Member of the British Columbia Legislative Assembly for Prince Rupert
- In office June 12, 1952 – May 19, 1953
- Preceded by: John Duncan McRae
- Succeeded by: Arthur Bruce Brown

Mayor of Prince Rupert
- In office 1954–1957

Personal details
- Born: George Edwin Hills June 30, 1905 Grimsby, England
- Died: April 3, 1978 (aged 72) Nanaimo, British Columbia
- Party: Co-operative Commonwealth Federation
- Spouse: Elizabeth Casey

= George Edwin Hills =

Canadian politician

George Edwin Hills (June 30, 1905 - April 3, 1978) was an English-Canadian politician and contractor who served as a member of the Legislative Assembly of British Columbia (MLA) representing the riding of Prince Rupert from 1952 to 1953 as a member of the Co-operative Commonwealth Federation (CCF) and mayor of Prince Rupert from 1954 to 1957.

== Life and career ==
Hills was born in Grimsby, England. He immigrated to Canada and settled in Prince Rupert, British Columbia, where he became involved in local politics. He married Elizabeth Casey and began his political career as an alderman for Prince Rupert.

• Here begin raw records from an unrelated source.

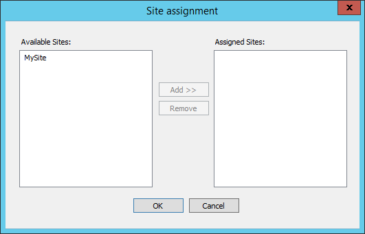If you specified that the account is a Site administrator, Template Settings administrator, Change Password administrator, or User administrator, the assignment dialog box appears.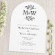Simple wedding couple monogram initials with botanical line art leaf details for a beautiful and unique modern minimalist black and white wedding invitation. Change any of the text to personalise.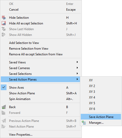 Right-click in the view window to open he context menu, then hover over Saved Action Planes and click Save Action Plane.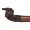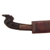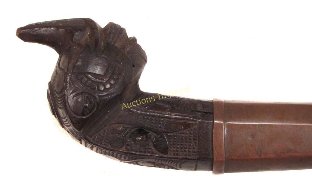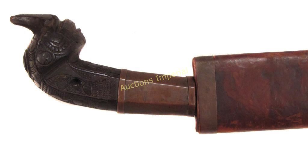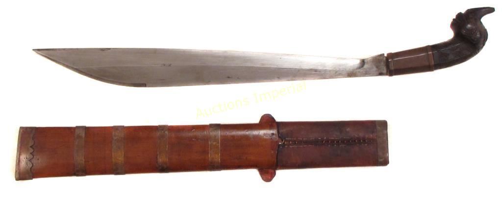 Visayan People, with elaborately-carved wooden grip, the pommel formed as a monsterhead, with copper ferrule. The heavy, handforged blade chisel-edged. In its wooden scabbard with brass mounts.Late 19th century.Worn.Overall length 59.5 cm.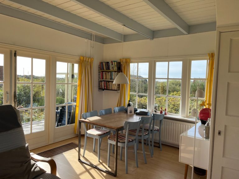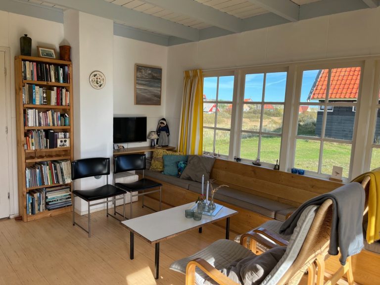 Vanuit de lichte woonkamer heb je een prachtig uitzicht op de duinen en op de avondluchten bij zonsondergang en vanuit de openslaande deuren kom je op het heerlijke beschutte terras op het zuiden.

Hills was elected to the Legislative Assembly of British Columbia in the 1952 general election as a member of the CCF, which was a socialist political party at the time. However, his term in the assembly was short-lived being defeated in the 1953 general election. He later ran unsuccessful in his bid for re-election in the 1956 general election. In addition to his provincial political involvement, Hills served as mayor of Prince Rupert from 1954 to 1957.

Hills moved to Nanaimo, British Columbia around 1968 and lived there until his death on April 3, 1978.